- White House's Hassett: I think the shutdown is likely to end sometime this week
- Bank of Canada business outlook survey: Overall intentions remain subdued
- Canada September producer price index +5.5% y/y vs +4.0% prior
- ECB's Nagel: We can stay in wait-and-see mode on rates
- Trump on Australia: Will discuss critical materials/rare earths
Markets:
- Gold up $125 to $4372
- US 10-year yields down 2.7 bps to 3.98%
- WTI crude oil down 4-cents to $57.50
- S&P 500 up 1.1%
- Nasdaq up 1.4% to all-time high
- AUD leads, CHF lags
The weekend signals about a high-level China-US meeting this week in Malaysia gave the market a strong sense that a deal is coming and led to a strong bid in risk assets. The Nasdaq climbed to a record in a broad, steady bid that snowballed from the start of the day. Adding some fuel might have been a comment from the White House's Hassett that a government shutdown deal was expected this week.
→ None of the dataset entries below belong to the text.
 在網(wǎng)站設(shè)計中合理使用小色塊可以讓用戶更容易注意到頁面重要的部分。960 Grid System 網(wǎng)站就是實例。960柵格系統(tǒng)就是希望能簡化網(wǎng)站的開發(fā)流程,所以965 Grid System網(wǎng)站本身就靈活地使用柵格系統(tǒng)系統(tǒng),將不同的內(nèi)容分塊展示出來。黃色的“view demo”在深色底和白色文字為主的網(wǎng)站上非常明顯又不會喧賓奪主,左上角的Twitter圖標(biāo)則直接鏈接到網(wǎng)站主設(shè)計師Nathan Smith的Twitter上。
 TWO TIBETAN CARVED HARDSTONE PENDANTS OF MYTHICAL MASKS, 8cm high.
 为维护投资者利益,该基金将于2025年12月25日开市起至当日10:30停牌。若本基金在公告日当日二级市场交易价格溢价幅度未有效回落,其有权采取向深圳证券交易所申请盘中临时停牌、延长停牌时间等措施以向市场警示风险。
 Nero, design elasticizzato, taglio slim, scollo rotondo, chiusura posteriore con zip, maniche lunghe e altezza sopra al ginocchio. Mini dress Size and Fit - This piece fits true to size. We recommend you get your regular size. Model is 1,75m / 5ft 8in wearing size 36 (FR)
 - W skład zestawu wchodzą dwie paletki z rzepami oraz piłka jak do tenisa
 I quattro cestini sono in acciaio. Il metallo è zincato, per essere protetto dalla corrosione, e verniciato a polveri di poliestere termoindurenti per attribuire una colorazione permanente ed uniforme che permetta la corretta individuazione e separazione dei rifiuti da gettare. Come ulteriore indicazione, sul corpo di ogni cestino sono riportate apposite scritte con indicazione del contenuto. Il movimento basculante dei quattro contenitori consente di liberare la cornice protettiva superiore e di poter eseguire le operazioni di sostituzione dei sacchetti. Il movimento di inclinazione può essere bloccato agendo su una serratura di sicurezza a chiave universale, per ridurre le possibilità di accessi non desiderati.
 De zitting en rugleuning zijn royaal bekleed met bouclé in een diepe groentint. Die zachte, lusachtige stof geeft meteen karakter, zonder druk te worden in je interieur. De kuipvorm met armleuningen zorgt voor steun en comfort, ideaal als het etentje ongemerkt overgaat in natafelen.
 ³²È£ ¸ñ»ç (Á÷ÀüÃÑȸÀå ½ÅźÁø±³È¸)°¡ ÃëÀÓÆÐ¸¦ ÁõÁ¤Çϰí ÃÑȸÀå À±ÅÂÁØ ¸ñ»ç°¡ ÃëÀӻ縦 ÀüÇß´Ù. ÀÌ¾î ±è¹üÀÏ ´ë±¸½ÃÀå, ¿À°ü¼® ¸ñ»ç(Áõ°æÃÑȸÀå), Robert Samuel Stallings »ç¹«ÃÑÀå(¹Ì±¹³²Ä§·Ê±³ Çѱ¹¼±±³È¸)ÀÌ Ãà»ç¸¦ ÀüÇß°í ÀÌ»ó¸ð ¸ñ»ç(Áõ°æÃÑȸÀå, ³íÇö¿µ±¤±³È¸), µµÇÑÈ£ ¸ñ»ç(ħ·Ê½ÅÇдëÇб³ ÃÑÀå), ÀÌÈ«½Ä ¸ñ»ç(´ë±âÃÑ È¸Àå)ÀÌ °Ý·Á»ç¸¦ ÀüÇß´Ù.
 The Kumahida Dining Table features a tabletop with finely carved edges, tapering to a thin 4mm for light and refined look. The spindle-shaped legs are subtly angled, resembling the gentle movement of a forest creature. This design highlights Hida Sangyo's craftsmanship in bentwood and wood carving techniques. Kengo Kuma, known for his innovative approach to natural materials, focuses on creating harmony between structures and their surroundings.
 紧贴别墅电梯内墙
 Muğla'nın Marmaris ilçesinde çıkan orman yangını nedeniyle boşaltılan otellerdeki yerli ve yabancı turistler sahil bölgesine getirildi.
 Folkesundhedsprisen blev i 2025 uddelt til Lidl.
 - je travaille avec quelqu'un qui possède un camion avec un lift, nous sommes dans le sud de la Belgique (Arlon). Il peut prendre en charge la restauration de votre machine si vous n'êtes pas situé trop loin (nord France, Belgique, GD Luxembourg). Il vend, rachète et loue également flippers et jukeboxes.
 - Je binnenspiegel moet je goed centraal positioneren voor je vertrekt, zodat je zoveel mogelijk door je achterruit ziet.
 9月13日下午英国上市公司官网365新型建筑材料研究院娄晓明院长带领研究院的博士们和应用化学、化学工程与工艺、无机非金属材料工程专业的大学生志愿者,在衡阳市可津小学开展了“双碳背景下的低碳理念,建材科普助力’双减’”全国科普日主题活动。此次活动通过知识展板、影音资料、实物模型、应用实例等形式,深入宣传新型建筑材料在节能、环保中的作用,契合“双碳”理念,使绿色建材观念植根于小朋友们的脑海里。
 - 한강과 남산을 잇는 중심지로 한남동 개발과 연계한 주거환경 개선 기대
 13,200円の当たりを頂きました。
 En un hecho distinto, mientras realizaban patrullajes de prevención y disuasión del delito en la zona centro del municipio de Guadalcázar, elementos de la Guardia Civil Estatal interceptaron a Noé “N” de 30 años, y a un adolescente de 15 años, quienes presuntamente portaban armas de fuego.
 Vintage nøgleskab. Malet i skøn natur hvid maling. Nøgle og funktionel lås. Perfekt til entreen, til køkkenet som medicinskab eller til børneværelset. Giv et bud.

The most-impressive move on the day was gold, which completely recouped Friday's rout and touched a fresh all-time high before retreating in the past few minutes. The buying was modest early in the day but North American traders really stepped on the gas in a sign that Friday's drop was option-related.
The FX market was generally paralyzed. The better risk mood was a tailwind for a number of currencies but the possibility of a US-China deal was positive for the US dollar.
Oil fell to the lowest since May but steadied from as low as $56.35 to bounce by $1.15. Eyes are on the glut that could be forming as OPEC continues to pump more. That's balanced somewhat by ongoing Ukraine attacks on Russian infrastructure.